We Built a Clap-Controlled Nightlight to Beat the Dark

/*
 * Clap-Activated Smart Nightlight
 * 
 * This project uses a microphone sensor to detect loud, sudden noises (like a clap)
 * and toggles an LED (or relay) on and off. It uses a peak-to-peak amplitude detection
 * algorithm over a small time window to filter out normal ambient noise.
 * 
 * PIN CONNECTIONS:
 * // Microphone AOUT -> A0 (Analog output for software thresholding)
 * // Microphone VCC  -> 5V
 * // Microphone GND  -> GND
 * // LED Anode (+)   -> D3 (via 220-ohm resistor)
 * // LED Cathode (-) -> GND
 * 
 * Note: If your microphone module only has a DOUT (Digital Out) pin, you can connect
 * it to a digital pin and adjust the onboard potentiometer, but using AOUT provides
 * better software control and debugging.
 */

// --- Pin Definitions ---
const int MIC_PIN = A0;   // Analog input from the microphone
const int LED_PIN = 3;    // Digital output to the LED (or relay)
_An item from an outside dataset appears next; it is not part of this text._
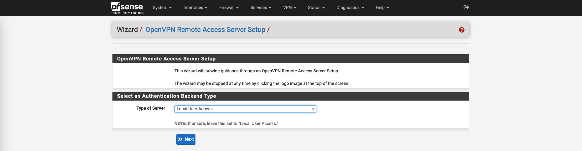 To configure OpenVPN, go to VPN » OpenVPN » Wizard, select the type of Local User Access
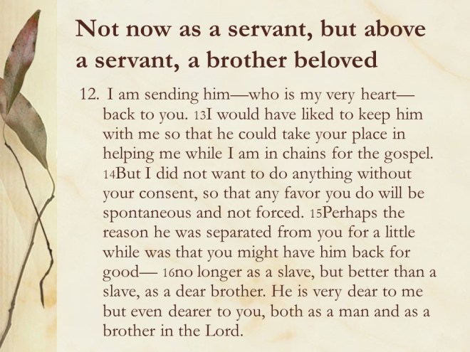 Paul’s letter to Philemon, slavery and redemption.

// --- Configuration Parameters ---
// Adjust this threshold based on your Serial Monitor readings.
// A normal room might have an amplitude of 10-30. A clap might spike to 100-500.
const int CLAP_THRESHOLD = 150; 

// Time window (in milliseconds) to measure the sound peak-to-peak amplitude
const int SAMPLE_WINDOW = 50; 

// Debounce delay to prevent a single clap from triggering multiple times (echoes)
const unsigned long DEBOUNCE_DELAY = 500; 

// --- State Variables ---
bool ledState = false;             // Current state of the light
unsigned long lastClapTime = 0;    // Timestamp of the last detected clap

void setup() {
  // Initialize Serial Monitor for debugging
  Serial.begin(115200);
  while (!Serial) { ; } // Wait for serial port to connect
  
  Serial.println("--- Clap-Activated Smart Nightlight Starting ---");
  
  // Configure pins
  pinMode(MIC_PIN, INPUT);
  pinMode(LED_PIN, OUTPUT);
  
  // Fail-safe default: Ensure light is OFF at startup
  digitalWrite(LED_PIN, LOW);
}

void loop() {
  unsigned long startMillis = millis(); // Start of sample window
  int signalMax = 0;
  int signalMin = 1024;
  
  // Collect data for the duration of the SAMPLE_WINDOW (50ms)
  while (millis() - startMillis < SAMPLE_WINDOW) {
    int sample = analogRead(MIC_PIN);
    
    // Validate sensor reading (0-1023 for standard 10-bit ADC)
    if (sample < 0 || sample > 1023) {
      continue; // Skip invalid readings
    }
    
    // Find the max and min values in this window
    if (sample > signalMax) {
      signalMax = sample;
    }
    if (sample < signalMin) {
      signalMin = sample;
    }
  }
  
  // Calculate peak-to-peak amplitude
  int peakToPeak = signalMax - signalMin;
  
  // Check if the amplitude exceeds our clap threshold
  if (peakToPeak > CLAP_THRESHOLD) {
    unsigned long currentTime = millis();
    
    // Check debounce timer to ignore echoes or prolonged noises
    if (currentTime - lastClapTime > DEBOUNCE_DELAY) {
      // Valid clap detected! Toggle the LED state
      ledState = !ledState;
      digitalWrite(LED_PIN, ledState ? HIGH : LOW);
      
      // Update the last clap timestamp
      lastClapTime = currentTime;
      
      // Debug output for state change
      Serial.print("*** CLAP DETECTED! *** Amplitude: ");
      Serial.print(peakToPeak);
      Serial.print(" | Light is now: ");
      Serial.println(ledState ? "ON" : "OFF");
    } else {
      // Debug output for ignored echo
      Serial.print("Ignored echo. Amplitude: ");
      Serial.println(peakToPeak);
    }
  }
  
  // Optional: Print ambient noise levels occasionally for calibration
  // Uncomment the lines below to see continuous readings (can be spammy)
  /*
  static unsigned long lastPrint = 0;
  if (millis() - lastPrint > 500) {
    Serial.print("Ambient Amplitude: ");
    Serial.println(peakToPeak);
    lastPrint = millis();
  }
  */
}